In July this year, Celera Genomics (Rockville, MD, USA) placed its formerly proprietary genome sequence data into the public domain, thereby ending the first grand business experiment in the era of commercial genome sequencing. In 1998, Celera vowed to use its shotgun-sequencing method to outrace the publicly funded Human Genome Project and complete its own draft sequence. Sparked partly by fears that Celera could obtain commercial control of the human genome, the public project boosted its efforts and finances to match the challenge.An external file that holds a picture, illustration, etc., usually as some form of binary object.

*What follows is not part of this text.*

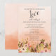 Ein Fest der Liebe! Eine blumengeschmückte Hochzeitseinladung mit einem pfirsichfarbenen Ober-Effekt und einem hübschen Aquarellblumengarten am unteren Rand.

The name of referred object is 6-7400553-i1.jpg

When both drafts of the human genome sequence were published in February 2001, Celera's version was widely considered to be superior to the public sequence, which was immediately released for general use. Celera set out to profit from its effort by licensing its database—and subsequent databases of mouse and rat genome information—to companies and academic institutions. It was an initial success, but the customer base eventually dwindled. Celera and its parent company, Applera Corporation (Norwalk, CT, USA), saw the writing on the wall, and split the business into separate diagnostics (Celera Diagnostics) and drug discovery (Celera Genomics) companies in 2002. The move to make its data public is a gesture of goodwill from Celera, but it also stands to benefit its sister company, Applied Biosystems (Foster City, CA, USA), which supplies researchers with gene-expression assays and other research tools.

Throughout its history, Celera has been a bellwether. Many companies, such as Incyte (Wilmington, DE, USA) and CuraGen (New Haven, CT, USA), joined the genome market in the late 1990s. The Incyte expressed sequence tag (EST) database, which contained DNA from normal and diseased tissue, was also a highly valued resource for biomedical research and drug development. However, like Celera, Incyte saw demand drop as the publicly available National Center for Biotechnology Information GenBank database increased in quality. Similarly, Incyte transformed itself into a drug discovery and development company. The experiences of Incyte and Celera illustrate the changing value of genetic data. Adaptations to patent laws and the increasing quality of publicly available databanks have caused raw data—and the genetic targets gleaned from them—to decline in commercial value. As a result, companies that initially concentrated on acquiring and selling genetic data are now moving into other more promising research areas.

Adaptations to patent laws and the increasing quality of publicly available databanks have caused raw data—and the genetic targets gleaned from them—to decline in commercial value

During the heady days of genomics, there were two broad categories of genomics companies. Some, like Celera, generated sequence data or single-nucleotide polymorphism (SNP) data and licensed access to the information. Others mined available data sources—public or private—in the hopes of finding genes involved in disease-relevant biological pathways. Both business models faltered. Similar to the data generators, data miners saw a steady decrease in the demand for their insights. “There are only so many large pharmaceutical companies that you can sell this information to. It's not a bottomless pit of opportunity,” commented Mario Ehlers, chief medical officer at Pacific Biometrics, Inc. (Seattle, WA, USA).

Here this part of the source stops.